_ACTIVITY_. With the pictures removed, the data below must be transcribed in full and exactly.

_RAW DATA_.
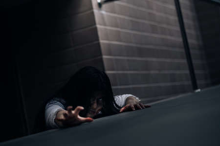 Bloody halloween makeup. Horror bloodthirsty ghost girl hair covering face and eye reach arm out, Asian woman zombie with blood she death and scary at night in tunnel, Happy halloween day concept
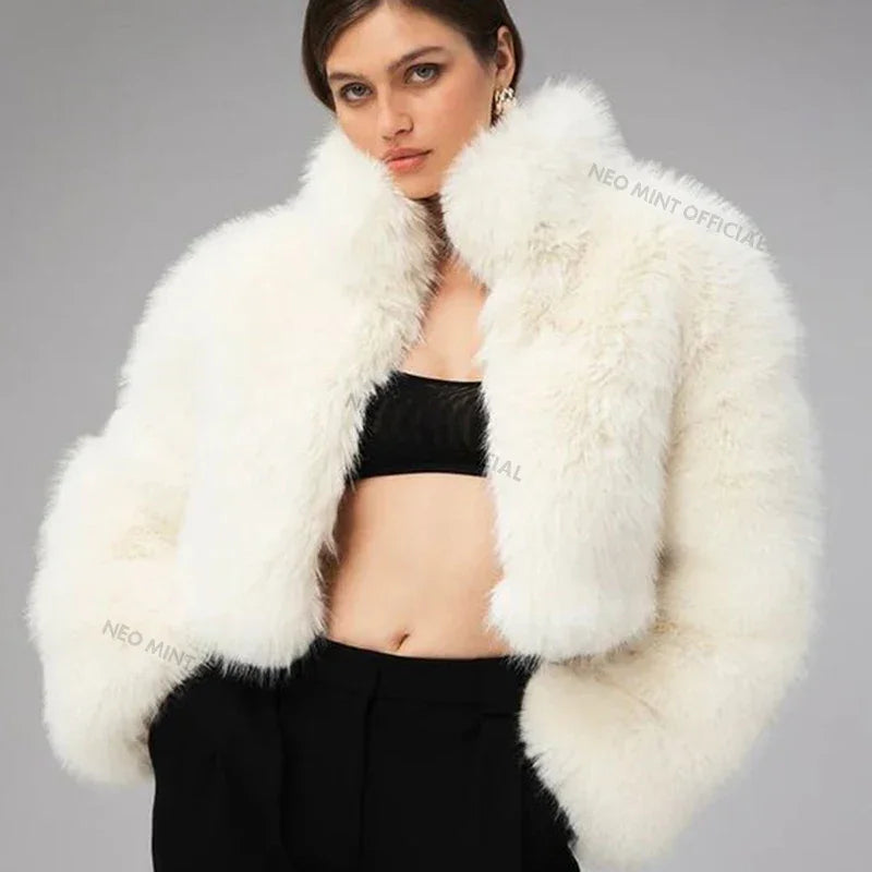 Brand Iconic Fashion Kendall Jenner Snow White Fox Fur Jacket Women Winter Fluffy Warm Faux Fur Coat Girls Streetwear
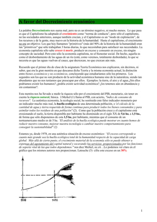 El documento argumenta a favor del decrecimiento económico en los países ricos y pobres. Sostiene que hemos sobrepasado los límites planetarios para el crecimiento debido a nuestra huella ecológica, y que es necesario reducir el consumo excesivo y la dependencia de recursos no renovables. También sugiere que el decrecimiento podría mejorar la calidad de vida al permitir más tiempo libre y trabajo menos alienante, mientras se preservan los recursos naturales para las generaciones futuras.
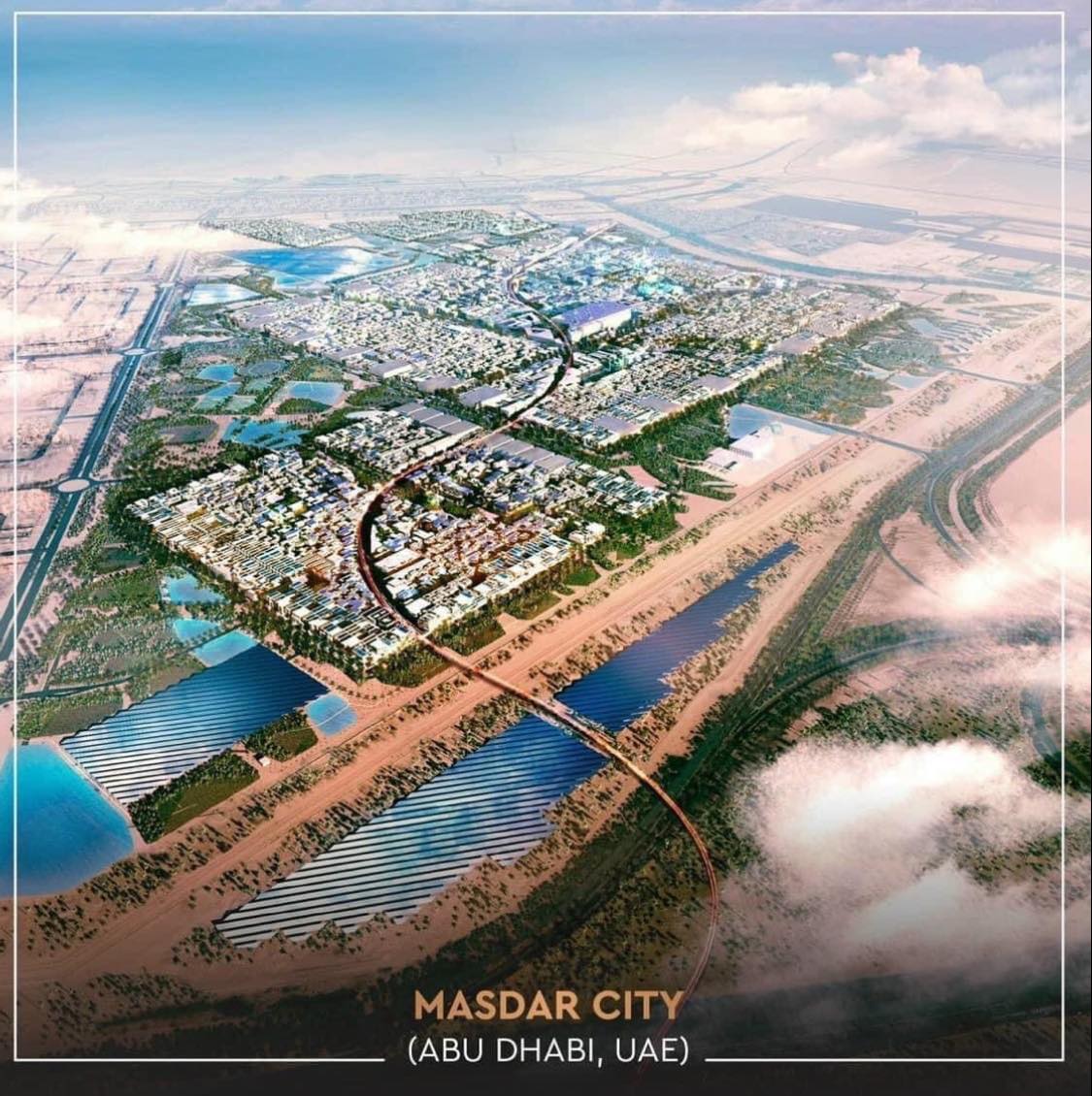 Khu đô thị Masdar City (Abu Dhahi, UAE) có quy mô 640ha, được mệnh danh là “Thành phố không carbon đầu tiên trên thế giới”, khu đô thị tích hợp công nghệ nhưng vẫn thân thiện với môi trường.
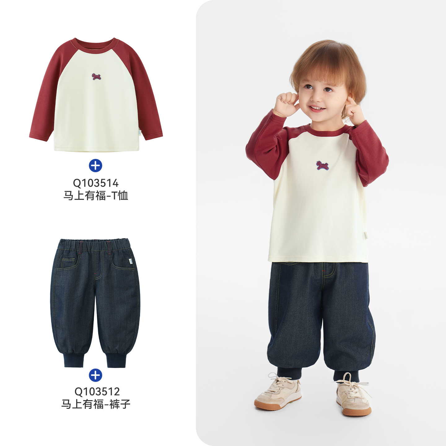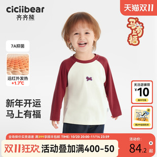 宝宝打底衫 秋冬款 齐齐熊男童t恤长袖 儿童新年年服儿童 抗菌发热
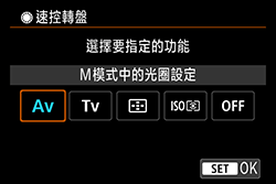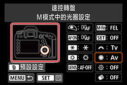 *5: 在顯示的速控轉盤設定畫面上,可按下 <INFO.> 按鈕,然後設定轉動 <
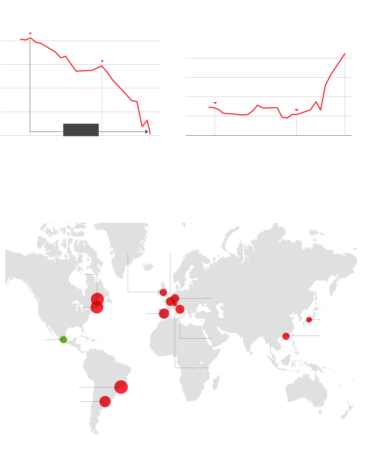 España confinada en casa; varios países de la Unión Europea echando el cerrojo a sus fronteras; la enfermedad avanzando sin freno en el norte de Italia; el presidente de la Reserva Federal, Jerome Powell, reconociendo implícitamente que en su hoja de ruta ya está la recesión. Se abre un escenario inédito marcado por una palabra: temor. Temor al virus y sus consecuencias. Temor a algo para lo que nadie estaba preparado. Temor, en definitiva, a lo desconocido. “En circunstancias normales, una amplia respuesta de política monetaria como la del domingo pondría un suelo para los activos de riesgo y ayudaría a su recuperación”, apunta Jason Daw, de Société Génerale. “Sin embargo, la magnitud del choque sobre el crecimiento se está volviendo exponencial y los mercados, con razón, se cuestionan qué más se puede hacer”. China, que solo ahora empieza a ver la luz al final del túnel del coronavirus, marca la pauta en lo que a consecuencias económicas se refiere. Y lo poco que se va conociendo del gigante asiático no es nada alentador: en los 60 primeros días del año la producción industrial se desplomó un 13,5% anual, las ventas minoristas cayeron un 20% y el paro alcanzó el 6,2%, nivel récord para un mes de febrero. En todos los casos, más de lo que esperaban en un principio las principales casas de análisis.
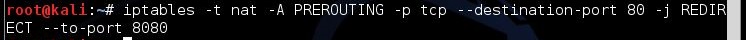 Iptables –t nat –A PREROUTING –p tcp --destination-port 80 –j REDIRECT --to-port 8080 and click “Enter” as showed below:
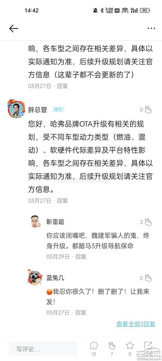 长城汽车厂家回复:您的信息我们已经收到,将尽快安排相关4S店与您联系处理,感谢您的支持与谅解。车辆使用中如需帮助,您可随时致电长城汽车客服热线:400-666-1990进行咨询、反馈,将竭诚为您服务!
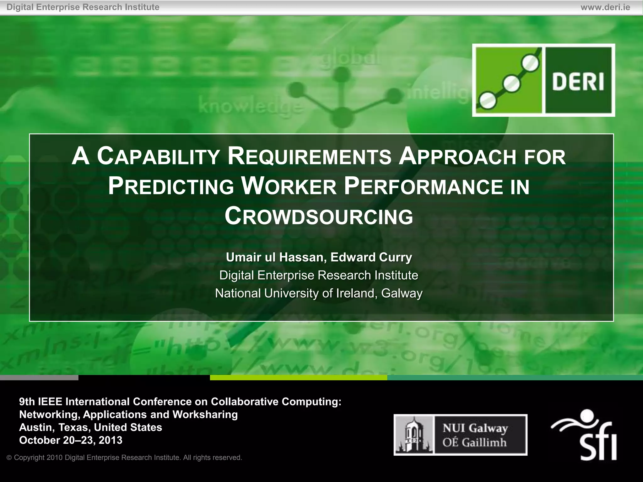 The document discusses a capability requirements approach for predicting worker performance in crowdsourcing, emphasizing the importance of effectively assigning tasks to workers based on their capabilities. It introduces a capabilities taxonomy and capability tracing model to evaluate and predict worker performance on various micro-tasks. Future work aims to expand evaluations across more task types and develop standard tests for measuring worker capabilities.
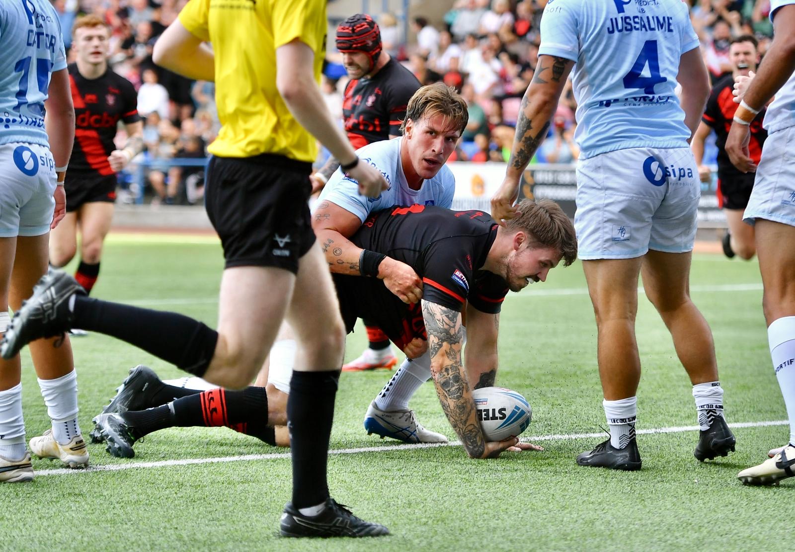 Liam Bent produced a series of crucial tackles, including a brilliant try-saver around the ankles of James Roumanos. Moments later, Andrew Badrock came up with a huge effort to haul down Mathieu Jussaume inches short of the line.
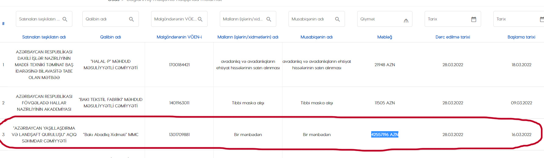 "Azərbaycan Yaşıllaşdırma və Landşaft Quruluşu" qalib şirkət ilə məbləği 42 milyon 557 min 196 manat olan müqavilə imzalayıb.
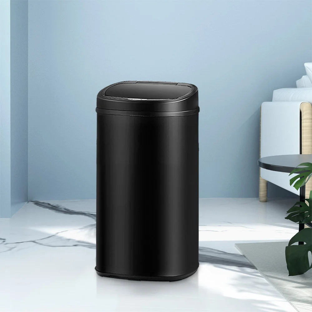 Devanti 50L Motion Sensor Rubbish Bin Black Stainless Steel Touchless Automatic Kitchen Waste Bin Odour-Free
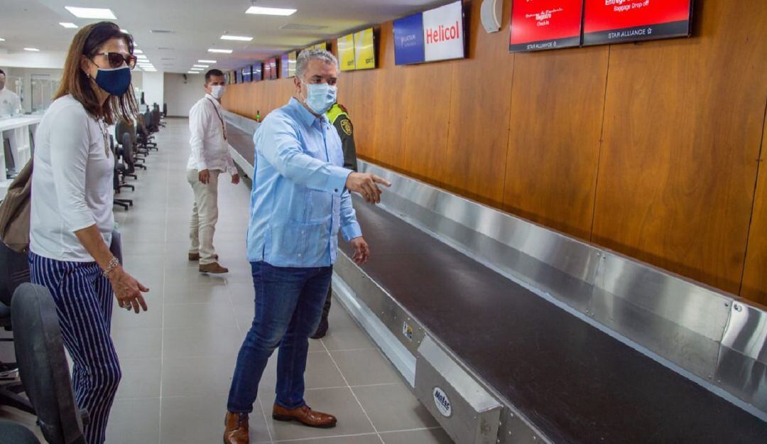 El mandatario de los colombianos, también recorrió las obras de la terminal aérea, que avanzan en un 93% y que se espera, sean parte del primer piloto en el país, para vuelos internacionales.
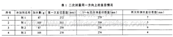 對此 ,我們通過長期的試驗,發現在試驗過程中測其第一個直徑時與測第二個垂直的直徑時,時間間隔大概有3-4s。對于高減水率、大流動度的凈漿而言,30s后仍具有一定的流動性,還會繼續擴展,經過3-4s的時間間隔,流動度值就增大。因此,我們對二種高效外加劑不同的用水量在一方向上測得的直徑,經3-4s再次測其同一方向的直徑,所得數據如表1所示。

_REPLY TO THE TASK_.
 Bloody halloween makeup. Horror bloodthirsty ghost girl hair covering face and eye reach arm out, Asian woman zombie with blood she death and scary at night in tunnel, Happy halloween day concept
 Brand Iconic Fashion Kendall Jenner Snow White Fox Fur Jacket Women Winter Fluffy Warm Faux Fur Coat Girls Streetwear
 El documento argumenta a favor del decrecimiento económico en los países ricos y pobres. Sostiene que hemos sobrepasado los límites planetarios para el crecimiento debido a nuestra huella ecológica, y que es necesario reducir el consumo excesivo y la dependencia de recursos no renovables. También sugiere que el decrecimiento podría mejorar la calidad de vida al permitir más tiempo libre y trabajo menos alienante, mientras se preservan los recursos naturales para las generaciones futuras.
 Khu đô thị Masdar City (Abu Dhahi, UAE) có quy mô 640ha, được mệnh danh là “Thành phố không carbon đầu tiên trên thế giới”, khu đô thị tích hợp công nghệ nhưng vẫn thân thiện với môi trường.
 宝宝打底衫 秋冬款 齐齐熊男童t恤长袖 儿童新年年服儿童 抗菌发热
 *5: 在顯示的速控轉盤設定畫面上,可按下 <INFO.> 按鈕,然後設定轉動 <
 España confinada en casa; varios países de la Unión Europea echando el cerrojo a sus fronteras; la enfermedad avanzando sin freno en el norte de Italia; el presidente de la Reserva Federal, Jerome Powell, reconociendo implícitamente que en su hoja de ruta ya está la recesión. Se abre un escenario inédito marcado por una palabra: temor. Temor al virus y sus consecuencias. Temor a algo para lo que nadie estaba preparado. Temor, en definitiva, a lo desconocido. “En circunstancias normales, una amplia respuesta de política monetaria como la del domingo pondría un suelo para los activos de riesgo y ayudaría a su recuperación”, apunta Jason Daw, de Société Génerale. “Sin embargo, la magnitud del choque sobre el crecimiento se está volviendo exponencial y los mercados, con razón, se cuestionan qué más se puede hacer”. China, que solo ahora empieza a ver la luz al final del túnel del coronavirus, marca la pauta en lo que a consecuencias económicas se refiere. Y lo poco que se va conociendo del gigante asiático no es nada alentador: en los 60 primeros días del año la producción industrial se desplomó un 13,5% anual, las ventas minoristas cayeron un 20% y el paro alcanzó el 6,2%, nivel récord para un mes de febrero. En todos los casos, más de lo que esperaban en un principio las principales casas de análisis.
 Iptables –t nat –A PREROUTING –p tcp --destination-port 80 –j REDIRECT --to-port 8080 and click “Enter” as showed below:
 长城汽车厂家回复:您的信息我们已经收到,将尽快安排相关4S店与您联系处理,感谢您的支持与谅解。车辆使用中如需帮助,您可随时致电长城汽车客服热线:400-666-1990进行咨询、反馈,将竭诚为您服务!
 The document discusses a capability requirements approach for predicting worker performance in crowdsourcing, emphasizing the importance of effectively assigning tasks to workers based on their capabilities. It introduces a capabilities taxonomy and capability tracing model to evaluate and predict worker performance on various micro-tasks. Future work aims to expand evaluations across more task types and develop standard tests for measuring worker capabilities.
 Liam Bent produced a series of crucial tackles, including a brilliant try-saver around the ankles of James Roumanos. Moments later, Andrew Badrock came up with a huge effort to haul down Mathieu Jussaume inches short of the line.
 "Azərbaycan Yaşıllaşdırma və Landşaft Quruluşu" qalib şirkət ilə məbləği 42 milyon 557 min 196 manat olan müqavilə imzalayıb.
 Devanti 50L Motion Sensor Rubbish Bin Black Stainless Steel Touchless Automatic Kitchen Waste Bin Odour-Free
 El mandatario de los colombianos, también recorrió las obras de la terminal aérea, que avanzan en un 93% y que se espera, sean parte del primer piloto en el país, para vuelos internacionales.
 對此 ,我們通過長期的試驗,發現在試驗過程中測其第一個直徑時與測第二個垂直的直徑時,時間間隔大概有3-4s。對于高減水率、大流動度的凈漿而言,30s后仍具有一定的流動性,還會繼續擴展,經過3-4s的時間間隔,流動度值就增大。因此,我們對二種高效外加劑不同的用水量在一方向上測得的直徑,經3-4s再次測其同一方向的直徑,所得數據如表1所示。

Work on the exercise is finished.